Problem description: Once the pictures are set aside, copy the data below exactly as it stands.
*** Dataset excerpt ***
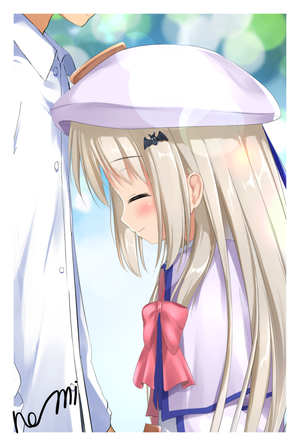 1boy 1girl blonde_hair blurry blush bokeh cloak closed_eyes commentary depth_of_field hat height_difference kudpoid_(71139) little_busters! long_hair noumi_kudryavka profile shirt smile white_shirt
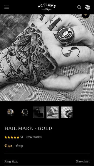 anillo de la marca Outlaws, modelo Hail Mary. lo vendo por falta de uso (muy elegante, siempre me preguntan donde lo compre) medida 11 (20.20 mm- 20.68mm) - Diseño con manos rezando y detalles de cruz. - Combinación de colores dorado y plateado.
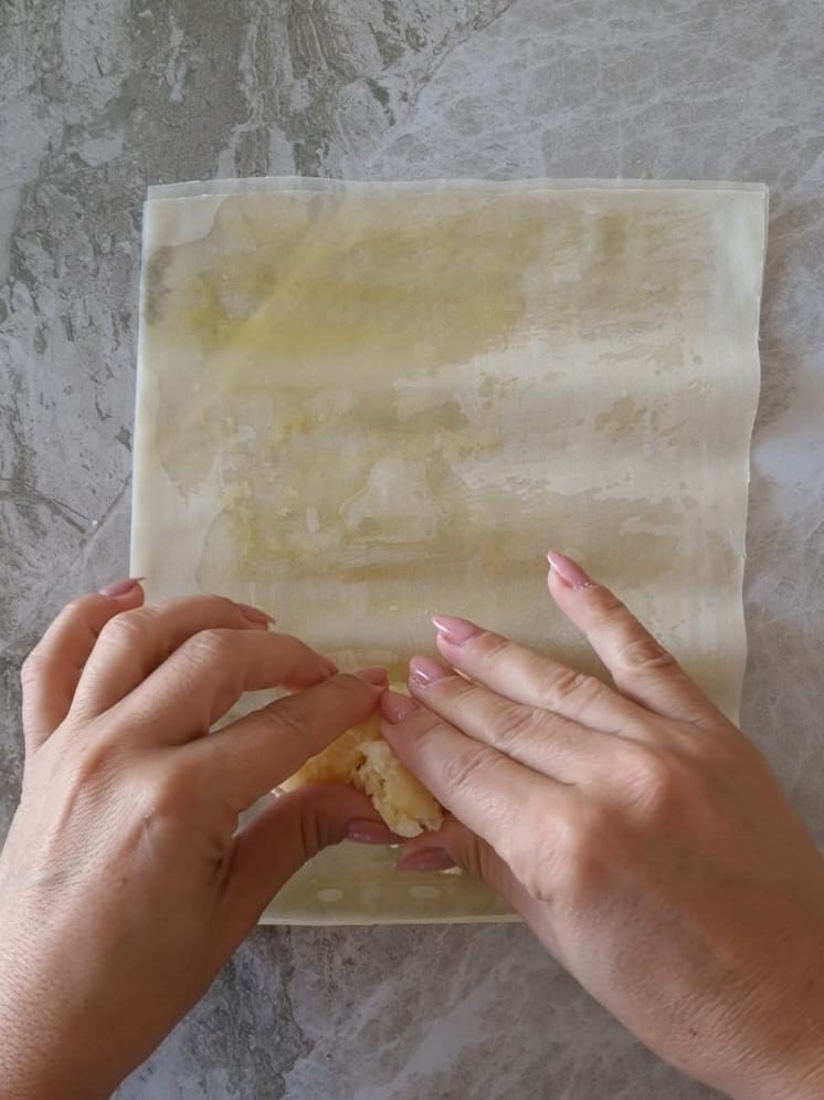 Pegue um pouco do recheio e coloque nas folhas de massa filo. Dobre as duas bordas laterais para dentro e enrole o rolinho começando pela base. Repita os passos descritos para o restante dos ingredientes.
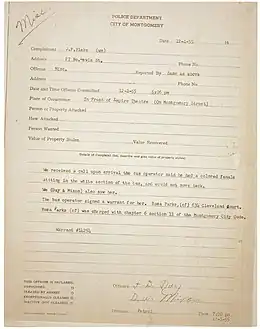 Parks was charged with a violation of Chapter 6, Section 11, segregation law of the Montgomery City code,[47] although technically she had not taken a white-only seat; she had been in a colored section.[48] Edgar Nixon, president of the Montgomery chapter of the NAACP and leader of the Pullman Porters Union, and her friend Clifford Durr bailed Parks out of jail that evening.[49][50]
***
Output of the exercise:
 1boy 1girl blonde_hair blurry blush bokeh cloak closed_eyes commentary depth_of_field hat height_difference kudpoid_(71139) little_busters! long_hair noumi_kudryavka profile shirt smile white_shirt
 anillo de la marca Outlaws, modelo Hail Mary. lo vendo por falta de uso (muy elegante, siempre me preguntan donde lo compre) medida 11 (20.20 mm- 20.68mm) - Diseño con manos rezando y detalles de cruz. - Combinación de colores dorado y plateado.
 Pegue um pouco do recheio e coloque nas folhas de massa filo. Dobre as duas bordas laterais para dentro e enrole o rolinho começando pela base. Repita os passos descritos para o restante dos ingredientes.
 Parks was charged with a violation of Chapter 6, Section 11, segregation law of the Montgomery City code,[47] although technically she had not taken a white-only seat; she had been in a colored section.[48] Edgar Nixon, president of the Montgomery chapter of the NAACP and leader of the Pullman Porters Union, and her friend Clifford Durr bailed Parks out of jail that evening.[49][50]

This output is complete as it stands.